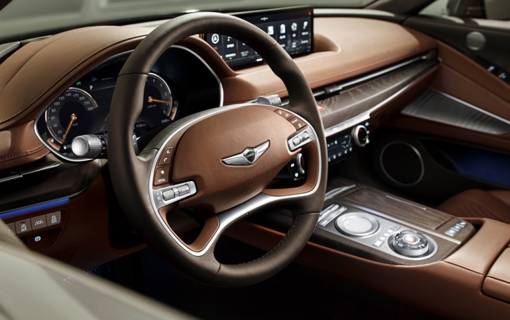 스티어링 휠은 천연 가죽 소재를 사용하여 잡는 촉감이 좋으며, 중앙에는 제네시스를 상징하는 엠블럼이 자리하고 있고, 양쪽으로는 각종 버튼을 삽입하여 더욱 편리한 조작을 하게 만들어 놨고, 테두리 쪽에는 크롬 라인으로 더욱 고급스럽게 장식하였어요. A필러의 두께와 룸 미러 베젤을 축소하고 사이드 미러가 차체에 붙은 플래그 타입의 사이드 미러를 적용하여 더욱 매력적으로 보여요.
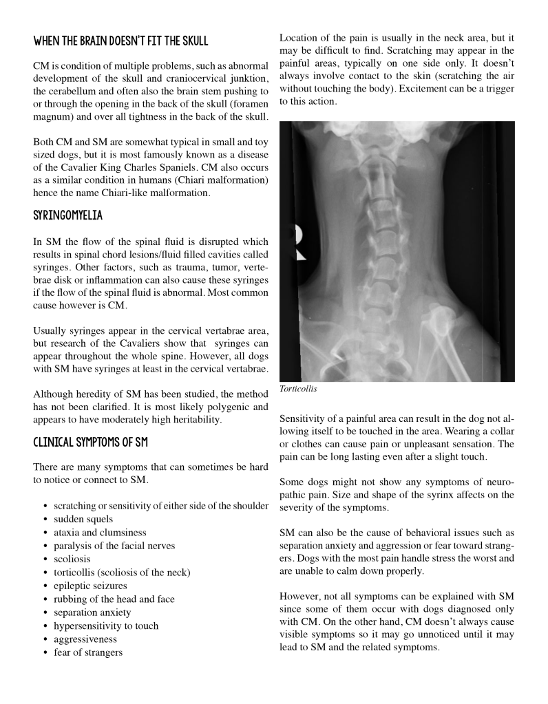Syringomyeliasta kuulin puhuttavan rodulla ensimmäisen kerran vuonna 2009 tai 2010. En itse tiennyt mistä sairaudesta oli kyse, sillä tietoa oli hyvin paljon vaikeampi saada tuohon aikaan. Tiesin kyseessä olevan cavalier kingcharlesinspanieleille tyypillinen sairaus mutta en sen enempää. Yhden yksilön sairastuminen kuulosti huonolta tuurilta.
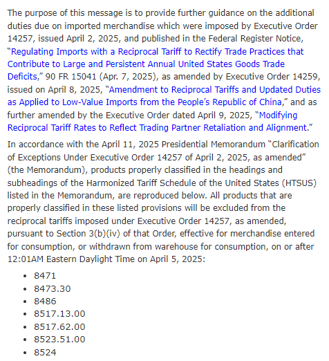 美国海关与边境保护局当地时间4月11日晚宣布,联邦政府同意对智能手机、电脑、芯片等电子产品免除所谓“对等关税”。这距离美国政府2日宣布所谓“对等关税”,刚刚过去9天。
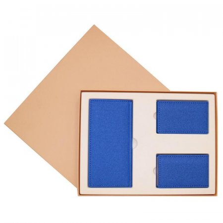 Набор ’Натали’ синего цвета. Состоит из 3-х предметов (еженедельник недатированный (175x85 мм), визитница на 20 визиток, 10 карманов в 1 ряд (103x65 мм), кредитница на 6 карт, 6 карманов в 1 ряд (103x65мм). Обложка из высококачественного переплетного материала, фактурного и термоактивного кожезаменителя, подходит для горячего тиснения. Упаковка подарочная коробка из дизайнерской бумаги бежевого цвета, внутри флокированный ложемент. Размер упаковки 247x183x32 мм.
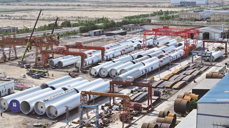在成品堆场,等待运输的货车已排成长龙,满载塔筒的车辆接连驶向戈壁深处的风电项目。“同期订单量同比增长20%,目前6万吨的产能已排至10月份。”钟维华表示,每一套塔筒都连接着项目节点,公司将全面提升工效、抢进度,确保订单按期交付。
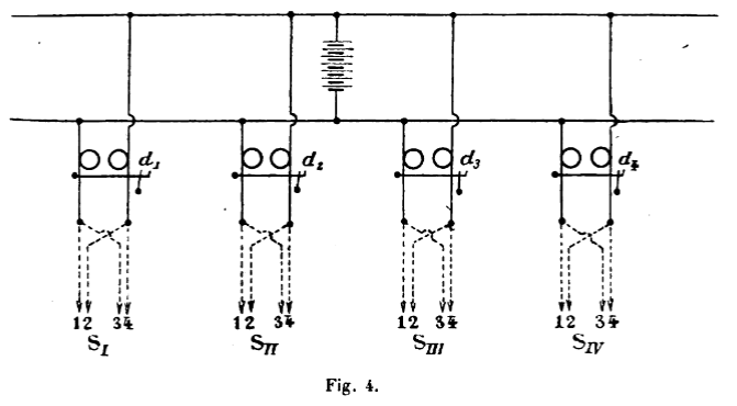 central. En A et C se trouvent des clefs Morse. En S est une sonnerie
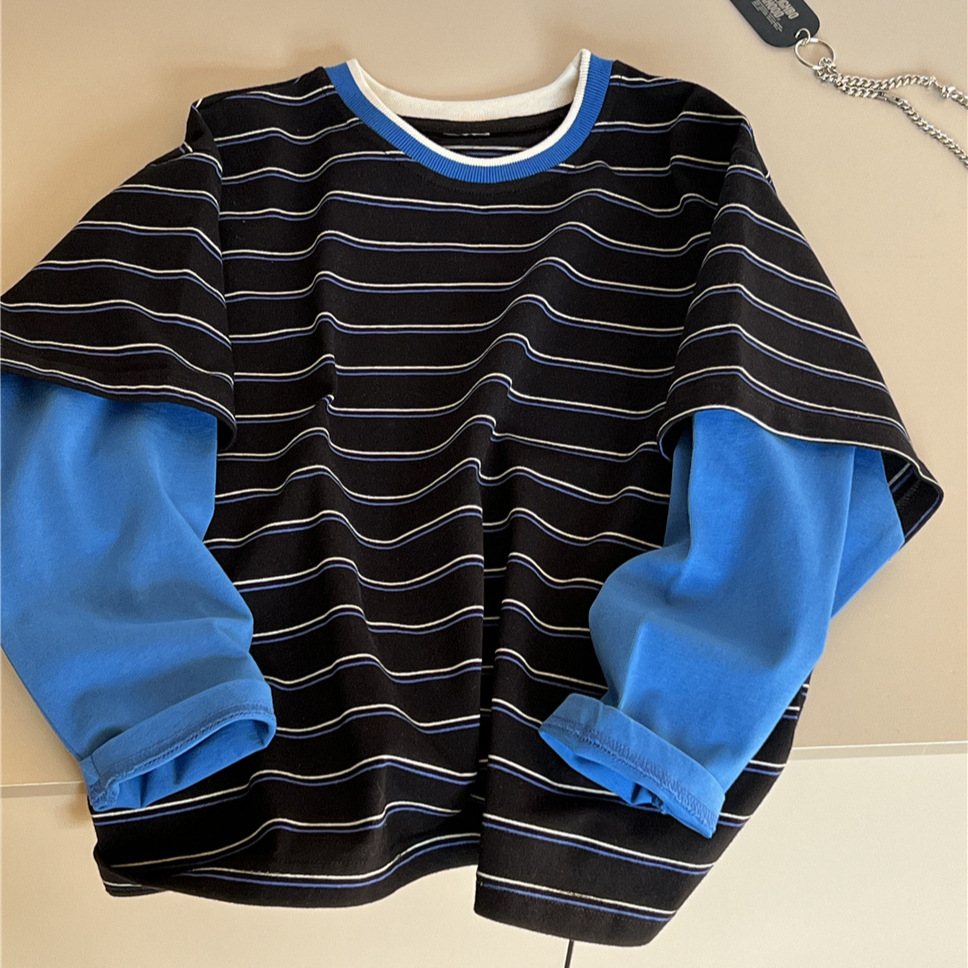 【显白蓝条纹】25秋季韩国童装儿童条纹假两件长袖男童中大童上衣
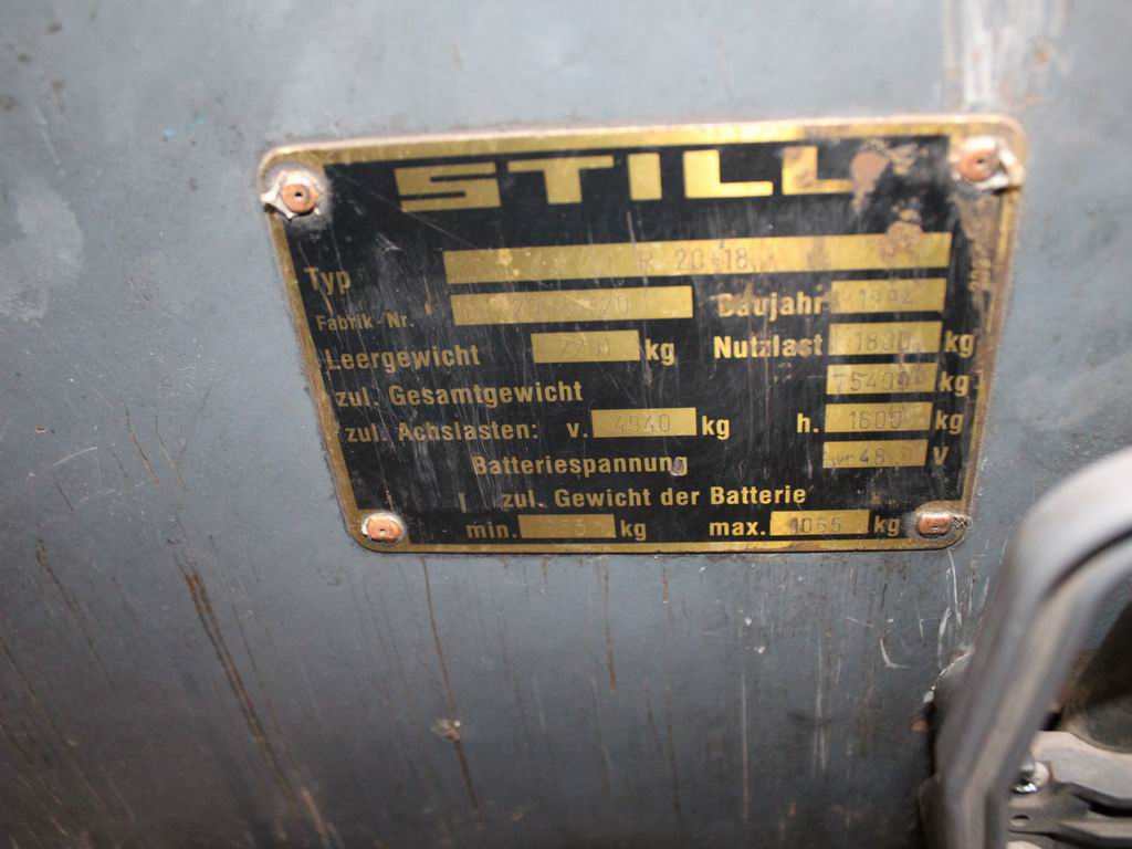 Hersteller: Still Typ: R 20-18 2004 Bauart: Elektro 3 Rad-Stapler Antriebsart: Elektro Tragkraft: 1800 kg Baujahr: 1994 Betriebsstunden: 16704 |
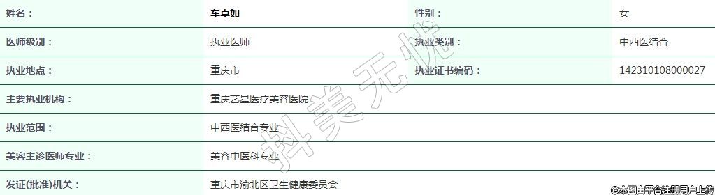 重慶藝星醫(yī)療美容執(zhí)業(yè)醫(yī)師
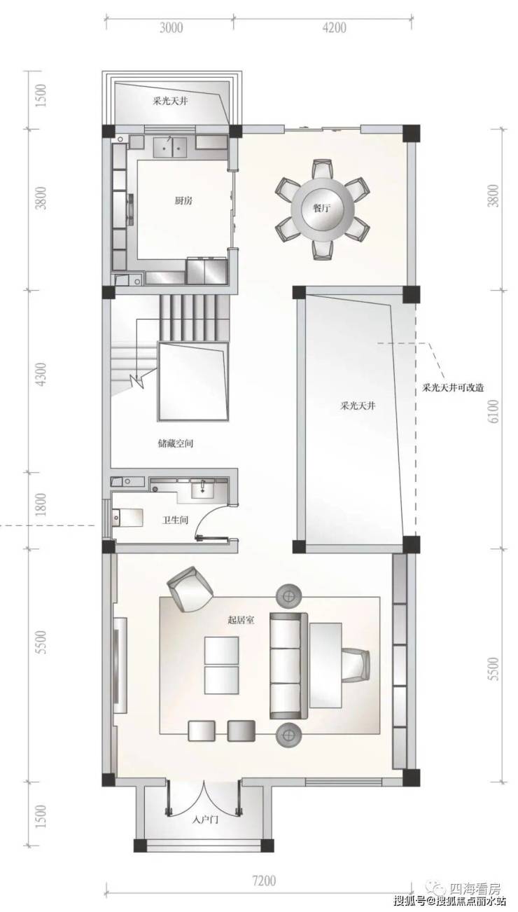 9.情境天井:将生活场景演绎到极致,一楼餐厅、二楼挑空、三楼阳光房,更多功能,自由想象。
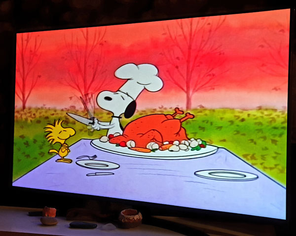We enjoyed a “different” Thanksgiving with only four friends. As always there was plenty of food and laughter to go around. After dinner we watched Charlie Brown’s Thanksgiving. No subtitles needed as it is all just a bit of fun.
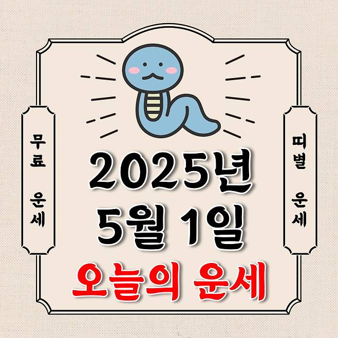오늘의 운세 2025년 5월 1일 목요일 (음력 4월 4일 / 띠별 운세 / 생년월일 운세)에 대해 알아 보겠습니다.
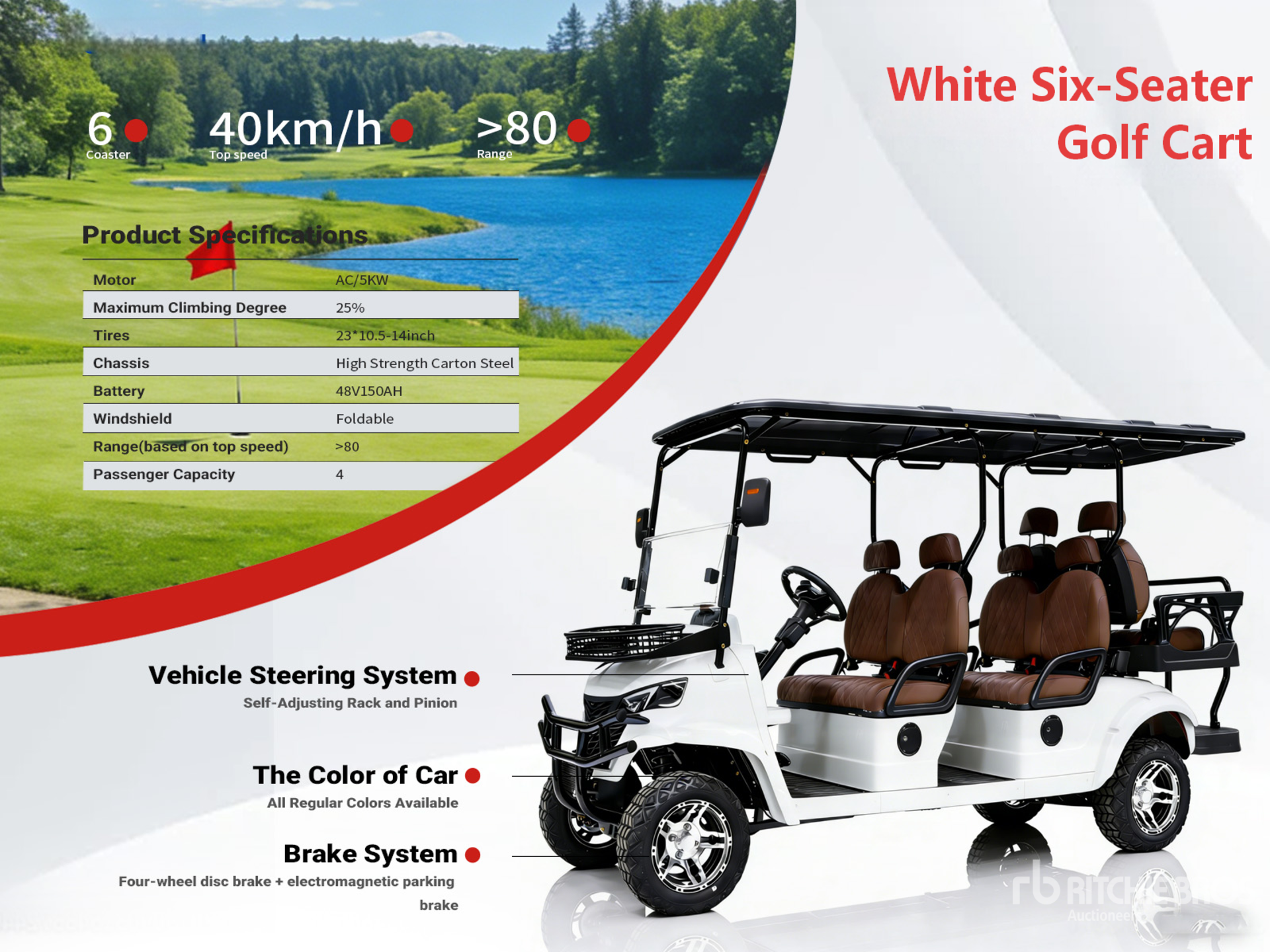 48 Volt 6 Passenger, Canopy, Windshield, For internal area use only, not licensed for road use ; Product images displayed are stock photos. Item is new/unused.
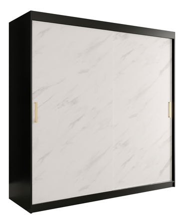 Ruhásszekrény 200 cm Marbelo T (matt fekete + fehér márvány)
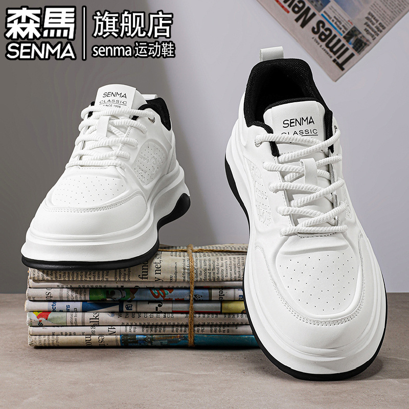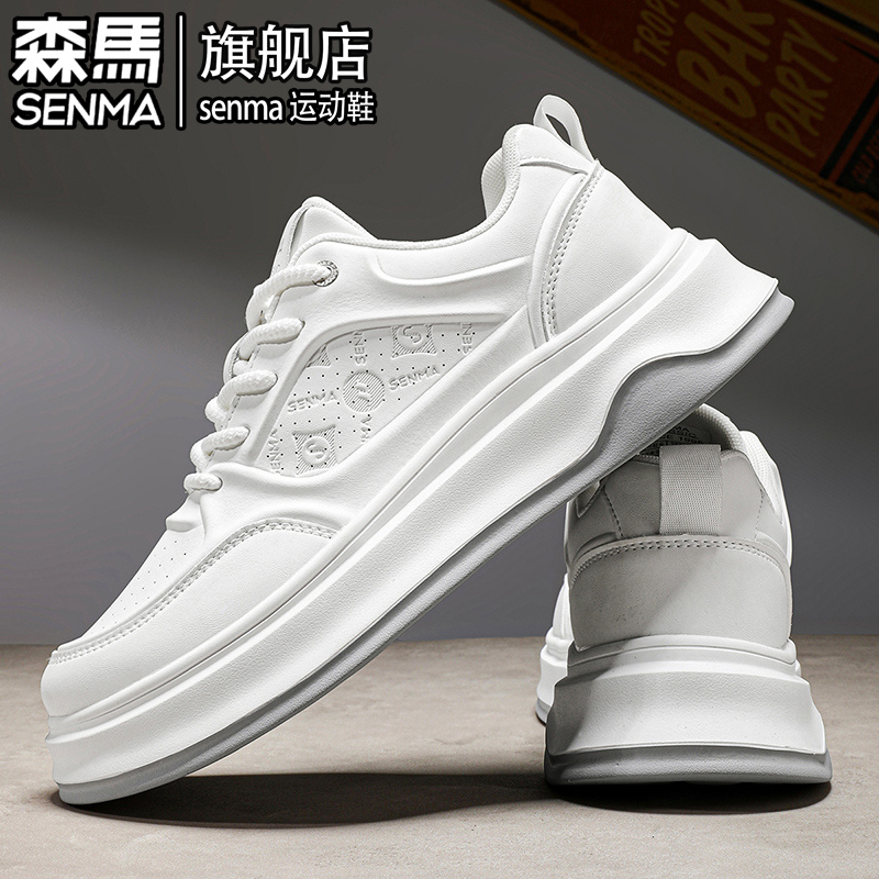 2025新款 真皮软底增高百搭小白潮鞋 秋季 男士 运动休闲板鞋 森马男鞋

--- DIRECTIONS ---
The answer must consist solely of the lines from the line containing "48 Volt 6 Passenger, Canopy, Windshield, For" to the end of the data, reproduced exactly, with every picture left out.

--- ANSWER FOR THIS EXERCISE ---
 48 Volt 6 Passenger, Canopy, Windshield, For internal area use only, not licensed for road use ; Product images displayed are stock photos. Item is new/unused.
 Ruhásszekrény 200 cm Marbelo T (matt fekete + fehér márvány)
 2025新款 真皮软底增高百搭小白潮鞋 秋季 男士 运动休闲板鞋 森马男鞋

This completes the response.